> [Exercise prompt]
From the records below, transcribe only the lines running from the one with "त्यस्तै, एनआईबिएल स्टेबल" through the one with "Ultra feminine and". Keep both of those end lines.

> [Input records]
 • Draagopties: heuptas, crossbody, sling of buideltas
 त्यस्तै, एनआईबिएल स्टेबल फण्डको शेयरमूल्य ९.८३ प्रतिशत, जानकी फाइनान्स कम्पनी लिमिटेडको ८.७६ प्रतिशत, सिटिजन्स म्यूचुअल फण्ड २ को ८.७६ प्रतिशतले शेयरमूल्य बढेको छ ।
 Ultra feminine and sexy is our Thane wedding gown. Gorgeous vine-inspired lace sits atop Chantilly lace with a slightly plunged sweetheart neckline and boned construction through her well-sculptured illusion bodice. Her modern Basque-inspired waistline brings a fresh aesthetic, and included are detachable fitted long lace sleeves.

==

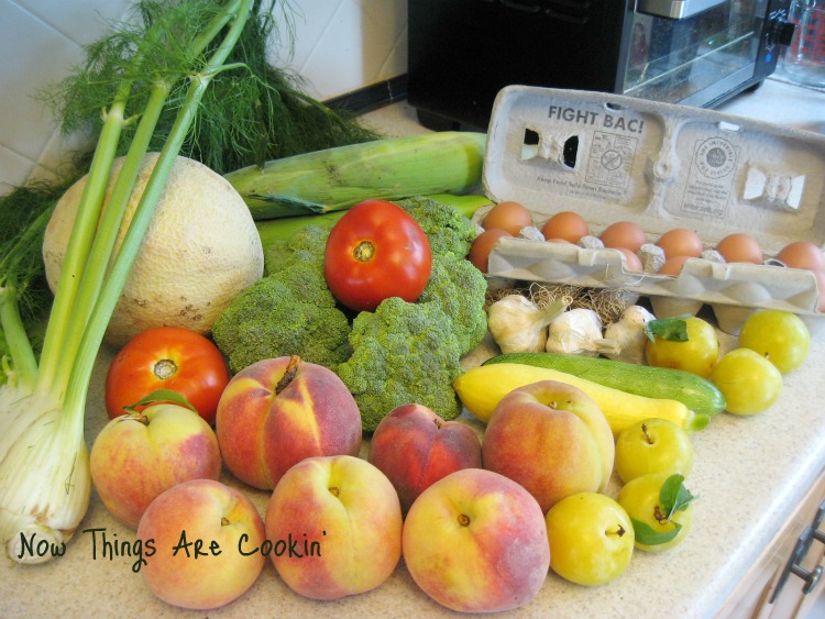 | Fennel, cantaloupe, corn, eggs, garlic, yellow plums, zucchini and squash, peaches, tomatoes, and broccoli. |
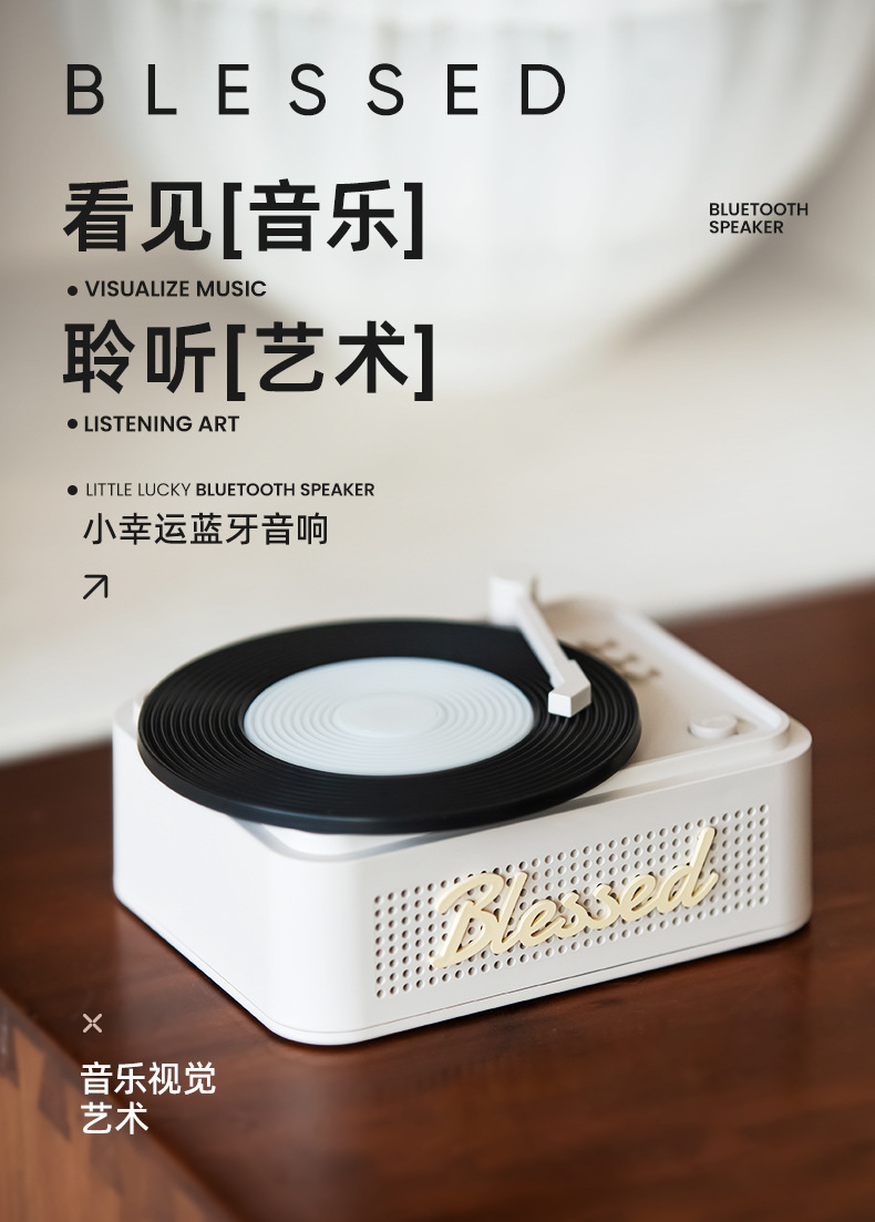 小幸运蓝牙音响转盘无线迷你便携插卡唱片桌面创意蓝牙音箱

> [Exercise answer]
 त्यस्तै, एनआईबिएल स्टेबल फण्डको शेयरमूल्य ९.८३ प्रतिशत, जानकी फाइनान्स कम्पनी लिमिटेडको ८.७६ प्रतिशत, सिटिजन्स म्यूचुअल फण्ड २ को ८.७६ प्रतिशतले शेयरमूल्य बढेको छ ।
 Ultra feminine and sexy is our Thane wedding gown. Gorgeous vine-inspired lace sits atop Chantilly lace with a slightly plunged sweetheart neckline and boned construction through her well-sculptured illusion bodice. Her modern Basque-inspired waistline brings a fresh aesthetic, and included are detachable fitted long lace sleeves.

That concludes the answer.